The Netherlands State Secretary for Finance has submitted the 2026 Omnibus Tax Bill to Parliament for approval. The Ministry of Finance has published both the bill and its accompanying explanatory memorandum on 25 April 2025.
This legislation introduces various primarily technical, smaller-scale amendments, proposals, and corrections across multiple tax laws.
The key provisions of this legislation are as follows:
Anti-abuse rule
An anti-abuse rule has been introduced to stop the non-taxability of annuity payments, which effectively closes various existing loopholes. This mainly targets self-managed annuities (arranged with the taxpayer’s own company) rather than third-party annuities, which are taxed at payment by the financial institution.
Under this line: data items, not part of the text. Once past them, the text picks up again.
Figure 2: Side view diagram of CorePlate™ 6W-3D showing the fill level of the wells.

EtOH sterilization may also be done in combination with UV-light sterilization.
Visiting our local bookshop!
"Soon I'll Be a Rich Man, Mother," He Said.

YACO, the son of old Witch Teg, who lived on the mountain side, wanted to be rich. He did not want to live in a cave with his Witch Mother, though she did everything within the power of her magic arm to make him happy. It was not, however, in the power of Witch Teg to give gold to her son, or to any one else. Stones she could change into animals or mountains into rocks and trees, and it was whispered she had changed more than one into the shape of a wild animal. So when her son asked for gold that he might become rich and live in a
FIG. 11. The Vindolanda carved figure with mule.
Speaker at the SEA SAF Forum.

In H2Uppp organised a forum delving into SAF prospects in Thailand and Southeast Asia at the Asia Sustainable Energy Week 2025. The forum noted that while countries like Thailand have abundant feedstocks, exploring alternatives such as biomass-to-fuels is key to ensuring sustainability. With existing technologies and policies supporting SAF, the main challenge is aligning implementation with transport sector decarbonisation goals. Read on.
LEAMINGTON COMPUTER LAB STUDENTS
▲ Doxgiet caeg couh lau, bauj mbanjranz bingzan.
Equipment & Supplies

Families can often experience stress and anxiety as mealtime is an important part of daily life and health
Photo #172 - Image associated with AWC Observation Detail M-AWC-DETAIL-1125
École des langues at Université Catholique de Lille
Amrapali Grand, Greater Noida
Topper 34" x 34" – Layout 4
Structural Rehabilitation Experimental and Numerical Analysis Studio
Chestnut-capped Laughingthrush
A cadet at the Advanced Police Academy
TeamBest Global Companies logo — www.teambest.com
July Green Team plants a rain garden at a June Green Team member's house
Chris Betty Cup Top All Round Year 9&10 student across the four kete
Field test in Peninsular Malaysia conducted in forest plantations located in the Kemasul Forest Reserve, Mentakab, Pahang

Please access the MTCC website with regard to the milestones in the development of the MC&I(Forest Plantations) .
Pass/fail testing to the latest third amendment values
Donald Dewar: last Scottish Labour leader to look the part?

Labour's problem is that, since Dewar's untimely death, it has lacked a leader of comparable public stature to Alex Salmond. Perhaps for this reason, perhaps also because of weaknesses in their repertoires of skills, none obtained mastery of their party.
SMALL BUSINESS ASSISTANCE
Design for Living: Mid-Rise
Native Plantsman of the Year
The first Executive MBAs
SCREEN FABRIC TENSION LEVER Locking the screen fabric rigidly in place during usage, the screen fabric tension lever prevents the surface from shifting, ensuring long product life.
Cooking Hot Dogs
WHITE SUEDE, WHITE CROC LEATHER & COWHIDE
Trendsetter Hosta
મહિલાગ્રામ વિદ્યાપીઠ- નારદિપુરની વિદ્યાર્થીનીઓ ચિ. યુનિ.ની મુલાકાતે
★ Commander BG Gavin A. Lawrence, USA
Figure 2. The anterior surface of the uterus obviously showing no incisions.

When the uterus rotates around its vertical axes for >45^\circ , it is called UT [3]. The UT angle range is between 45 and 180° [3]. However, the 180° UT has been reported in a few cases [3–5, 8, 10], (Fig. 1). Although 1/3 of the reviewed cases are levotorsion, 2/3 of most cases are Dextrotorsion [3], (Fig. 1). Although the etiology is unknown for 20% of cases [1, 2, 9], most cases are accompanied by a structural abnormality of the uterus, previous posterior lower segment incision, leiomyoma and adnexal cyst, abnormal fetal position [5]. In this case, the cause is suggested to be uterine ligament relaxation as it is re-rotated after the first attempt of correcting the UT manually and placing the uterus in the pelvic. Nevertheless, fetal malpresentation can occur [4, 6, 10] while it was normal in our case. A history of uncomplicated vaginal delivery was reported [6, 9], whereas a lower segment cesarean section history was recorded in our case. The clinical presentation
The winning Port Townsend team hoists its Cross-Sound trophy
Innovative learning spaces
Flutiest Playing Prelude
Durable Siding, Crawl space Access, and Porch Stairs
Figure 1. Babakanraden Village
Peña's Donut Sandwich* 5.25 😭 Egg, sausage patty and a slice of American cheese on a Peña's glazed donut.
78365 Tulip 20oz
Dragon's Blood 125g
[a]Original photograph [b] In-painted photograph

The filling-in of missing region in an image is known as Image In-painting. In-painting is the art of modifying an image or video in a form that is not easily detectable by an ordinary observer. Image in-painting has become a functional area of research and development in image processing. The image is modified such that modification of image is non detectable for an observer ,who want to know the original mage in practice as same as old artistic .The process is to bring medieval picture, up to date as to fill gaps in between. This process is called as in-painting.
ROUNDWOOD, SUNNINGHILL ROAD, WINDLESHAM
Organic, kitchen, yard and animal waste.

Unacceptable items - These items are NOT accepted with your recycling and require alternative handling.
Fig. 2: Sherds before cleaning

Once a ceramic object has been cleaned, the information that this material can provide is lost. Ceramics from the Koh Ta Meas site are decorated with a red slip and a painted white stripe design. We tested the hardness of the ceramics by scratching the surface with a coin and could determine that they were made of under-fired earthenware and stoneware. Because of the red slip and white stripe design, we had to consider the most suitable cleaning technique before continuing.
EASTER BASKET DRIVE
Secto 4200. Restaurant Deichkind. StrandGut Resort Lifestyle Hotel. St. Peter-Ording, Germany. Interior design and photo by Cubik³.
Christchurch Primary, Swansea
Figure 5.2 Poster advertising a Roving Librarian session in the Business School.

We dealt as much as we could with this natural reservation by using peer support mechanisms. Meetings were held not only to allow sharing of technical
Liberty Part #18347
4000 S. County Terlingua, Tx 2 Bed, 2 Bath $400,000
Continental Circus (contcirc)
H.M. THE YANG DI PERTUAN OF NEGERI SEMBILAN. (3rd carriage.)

Corporate Income Tax Act of 1969 amendment
An amendment to the Corporate Income Tax Act of 1969 aims to simplify the process of determining mixed expenses. It establishes that the calculation of non-deductible, mixed expenses will be based on the wages for which wage tax has actually been withheld for the relevant employees.
Documentation for qualifying foreign taxpayers
An amendment suggesting that taxpayers aiming to qualify as a “qualifying foreign taxpayer” be required to submit an income statement only upon the tax inspector’s request.
Tax credit appeals restrictions
For tax credits on low-taxed investment participations, foreign business profits, and benefits from a controlled entity, an amendment states that objections and appeals can only be made against decisions on unused (carried forward) tax credits for the most recent year.
EU SME scheme
The EU SME Scheme introduces an amendment to existing legislation aimed at clarifying information disclosure requirements while preventing issues such as unintentional double reporting or missed reporting of information.